Linguistics, as is well known, can establish, and even then not absolutely, any connections and relations between words in sentences (speech or text). Just as a building science discipline can establish connections and relationships between building elements (words) in various building structures (contexts). Specialists from both regions can issue these connections and relations (conrelays) in the form of some formalized ideas, for example, “three tons of bricks of 6 Mohs hardness in the amount of 1000 pieces are connected by 100 kilograms of cement-Portland 500 and 200 kilograms of quartz sand”.
It is unlikely that you will guess what construction such a record is. Similarly, the computer has no idea what the record is: [the subject “cartridge” is associated with the predicate “entered”, forming a predicate that relates to the preposition “in” in the prepositional group “to the store”]. But, if the builders told us the phrase “brick wall”, we would immediately understand what we are talking about, and would not break our heads, linking tons with kilograms, and sand with cement and bricks.
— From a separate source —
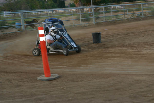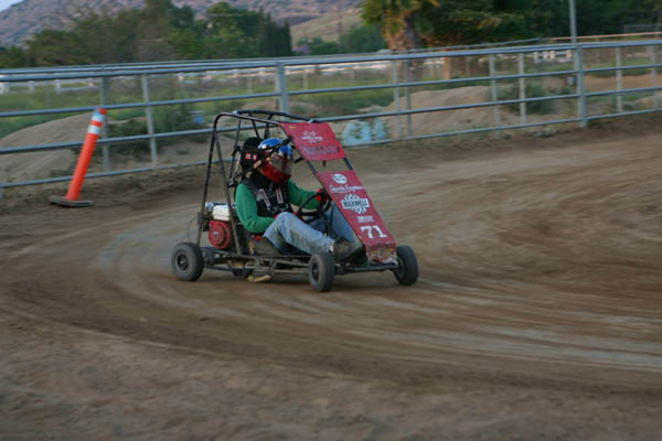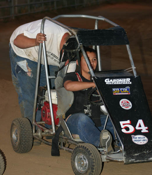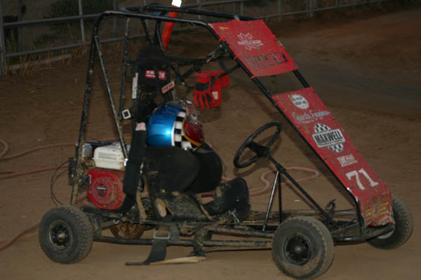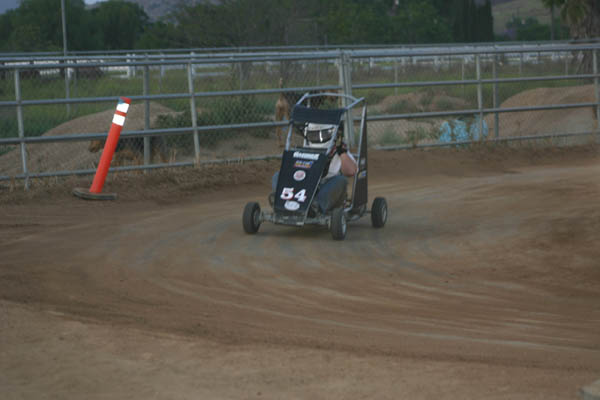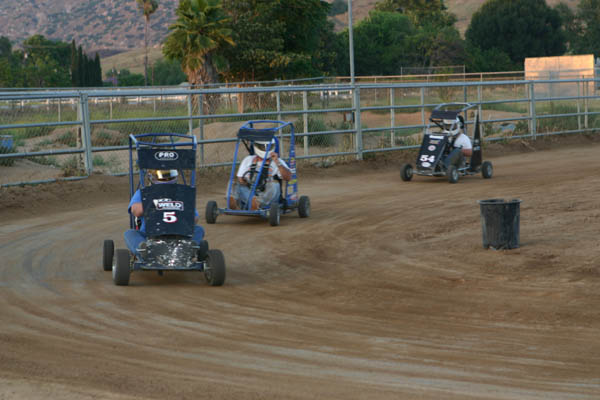 Blake Miller started the day off with fast time on the small oval at 11.60, in his Honda powered racer. With six go-carts complete with rollcages in the house it was a fun evening. They had already raced at Bobby Graham’s home track nearby earlier in the afternoon, but were ready to have some more fun at proprietor Mac McAuliffe’s Norco National Speedway.

At the same time, it is far from a fact that if linguists say the phrase: “The patron entered the store”, then we will understand exactly what [patron] we are talking about (boss, electrical product, part of a lathe or a shooting object). However, under the [store] you can understand different images, even the horn from the machine, even a trading company.
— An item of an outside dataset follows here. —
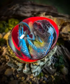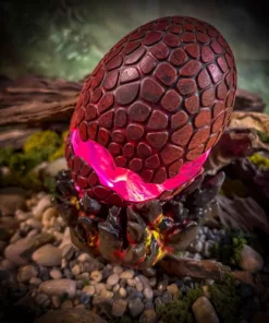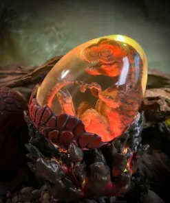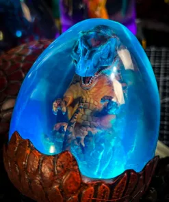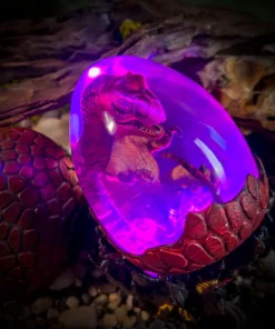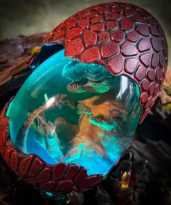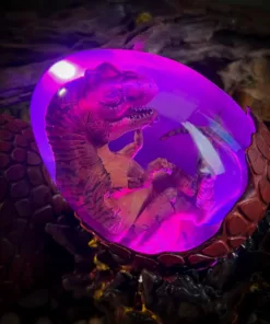 The Tyrannosaurus Rex Hatchlight is a unique decorative lamp that embodies a prehistoric aesthetic, perfect for dinosaur enthusiasts and art lovers alike. Designed to resemble a T-Rex hatching from its egg, the product features a transparent shell that encases the dinosaur, creating a warm, mystical lighting effect. The glowing amber-red light mimics the vivid appearance of a real dinosaur egg, set on a natural stone base. More than just a lamp, the Hatchlight is a piece of art, ideal for enhancing living spaces, bedrooms, or as a distinctive gift for special occasions. The Tyrannosaurus Rex Hatchlight is sure to captivate anyone looking to bring a touch of prehistoric wonder into the modern world.

These examples should give us a clear idea that no computer can understand the semantic load of the context of speech by means of computer linguistics, and this requires a completely different tool. Which one And exactly the one that we use with you in everyday life.
Let's see how thinking and communication occur between people. First, some thought forms that he imagines as Models of Behavior of Images (MPO) are swarming in the mind of an individual. Then he builds one or another semantic structure from these MPOs and decides to bring it to us using natural language capabilities, since, unfortunately, or fortunately, we do not have telepathy. In his message, the author of the thought forms presents the MPO in a coded form using language elements (words, lexemes, etc.). The recipient, perceiving messages, already includes his associative memory, from which he extracts his own IGOs ​​stored there for the time being, with which he tries to understand what the author wanted to say.
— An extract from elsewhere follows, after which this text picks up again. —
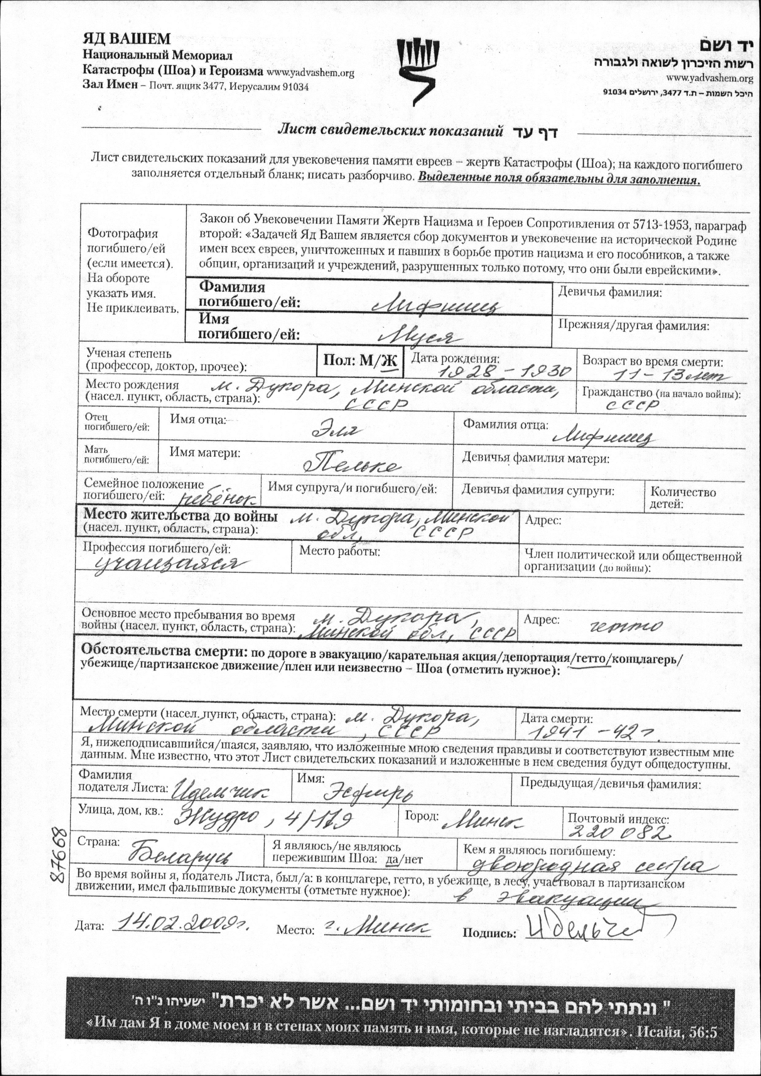 Musya a été assassinée pendant la Shoah. Lieu de la mort: Dukora, Bélorussie (URSS) en 1941.

This is how our consciousness works. How does the computer work? What technologies does he use and are they similar to humans? No, they are not like ours. But, since a computer is a counting machine, then, here, the developers are trying stubbornly to COMPUTE the final result, instead of trying to teach the computer to understand the meaning by simply memorizing these MPOs and operating them further.
It turns out that “computational” technologies are, in fact, the role of such “dirty Cinderella”, when we all need precisely the most precise means of understanding and recognizing patterns and meanings.